Real Life

It’s very common to hear people complain about wanting to escape life, to get out of it, to leave the world behind, but I’d rather escape into life. I’d rather dive in deeper and see the true beauty of it instead of remaining static on the surface, only seeing the struggles and hardships. 

I remember the night I really realized I was missing out on real life. I snuck out of my family’s lake house, just after the start of fall my Junior year. I made my way carefully down the hill as the gravel road crunched under my feet, and I could hear the frogs and cicadas singing their lullabies. If I stood still and just listened, I could hear the licking of the soft waves against the rocky shore as it echoed up through the trees.

I remember walking down the dirt path to the dock. The trees seemed to glow from the neon moss creating soft patterns all over their bark. The air smelled thick of minerals and rain, and the lights of other houses and docks twinkled like sunken stars on the surface of the lake. No boats were alive to disrupt the serene beauty of the surrounding nature, and it all overwhelmed me.

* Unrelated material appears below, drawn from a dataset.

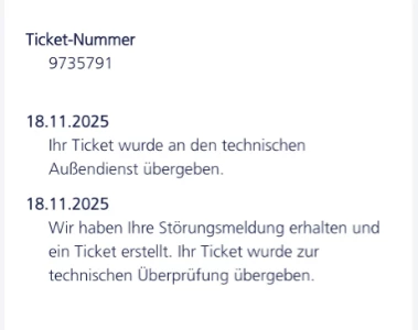 hab ich nur gesagt weils im ticket so steht aber das ist das problem keiner ist zu dem techniker termin gekommen und bis jetzt ist nichts anderes passiert

I remember allowing myself to really take a deep breath, to really let it all in. The dock creaked under my feet as I entered. The water was cold and soft on my skin when I dipped my feet in. The whole moment was so surreal, and I remember thinking that if all of this is present now, then it must be present all of the time. If this peace is alive now, it must be alive, even in the chaos of life.

There is no need to wish away life because there’s more to the world than the hard times and the pain. There’s beauty to be found everywhere in other people or in places usually overlooked. There is always peace somewhere to be found, even in the middle of an uphill climb. It’s all about taking a look around, taking a deep breath, and letting it come naturally. That’s when escaping into real life is possible.